Desde 1999, participa de festivais em diversos estados, incluindo Rio de Janeiro, São Paulo, Minas Gerais, Goiás e Paraná. No teatro, ele se destaca compondo trilhas originais, cantando, tocando, dirigindo musicalmente e escrevendo desde 1987. Desde 1999, faz parte da Cia de Arte Popular de Duque de Caxias e integra a equipe do premiado espetáculo infantojuvenil “O Brincado Romance de Flora e Valentin“, que estreia no próximo dia 04 de agosto, às 16h, no Sesc São João de Meriti. 

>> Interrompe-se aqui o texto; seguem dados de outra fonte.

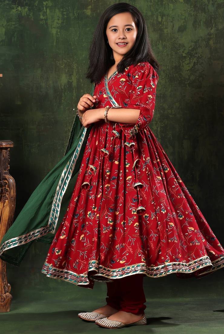 Red & green floral printed with border work cotton blend flared ethnic anarkali style girls kurta set with dupatta
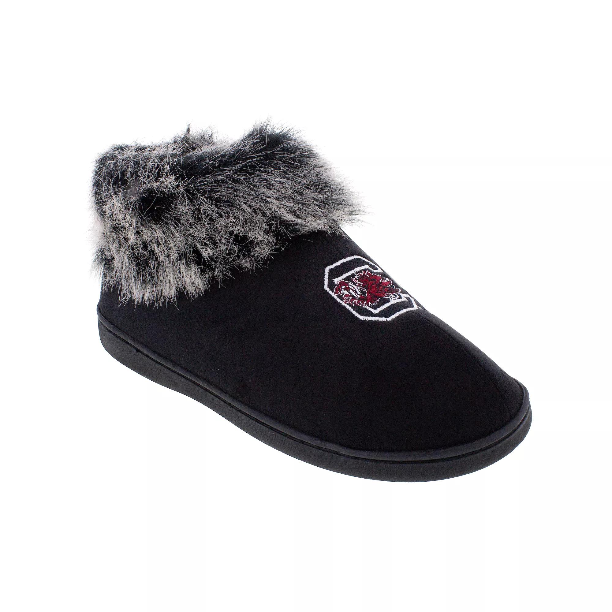 Get cozy with these South Carolina Gamecocks women's faux-fur slippers. Pull-on, Logo embroidery and team colors, Oficially licensed, Cozy faux-fur trim. FABRIC & CARE: Polyester, Rubber outsole, Spot clean, Imported. Size: M. Color: Black. Gender: female. Age Group: adult. Material: OTHER MATERIAL.

Com trilha sonora original de Beto Gaspari, o espetáculo é uma aventura infanto-juvenil  lúdica musical, que emerge em histórias e lendas em torno do Rio São Francisco, através das andanças aventureiras de dois jovens. Preservando a forte influência da oralidade presente nas culturas africanas, cujas histórias e tradições são perpetuadas pelos GRIOTS, os sábios e respeitados contadores de história,  uma Griot, conta o brincado romance de Flora e Valentin. Uma brincadeira. Um mal súbito. E o coração da menina Flora é levado feito folha rio abaixo. O menino Valentin parte em missão beirando as águas do  Rio São Francisco, o Velho Chico, para resgatar o coração de sua amada. O heroi cavaleiro errante enfrentará desafios, decifrará enigmas e descobrirá que o amor tudo faz florescer. 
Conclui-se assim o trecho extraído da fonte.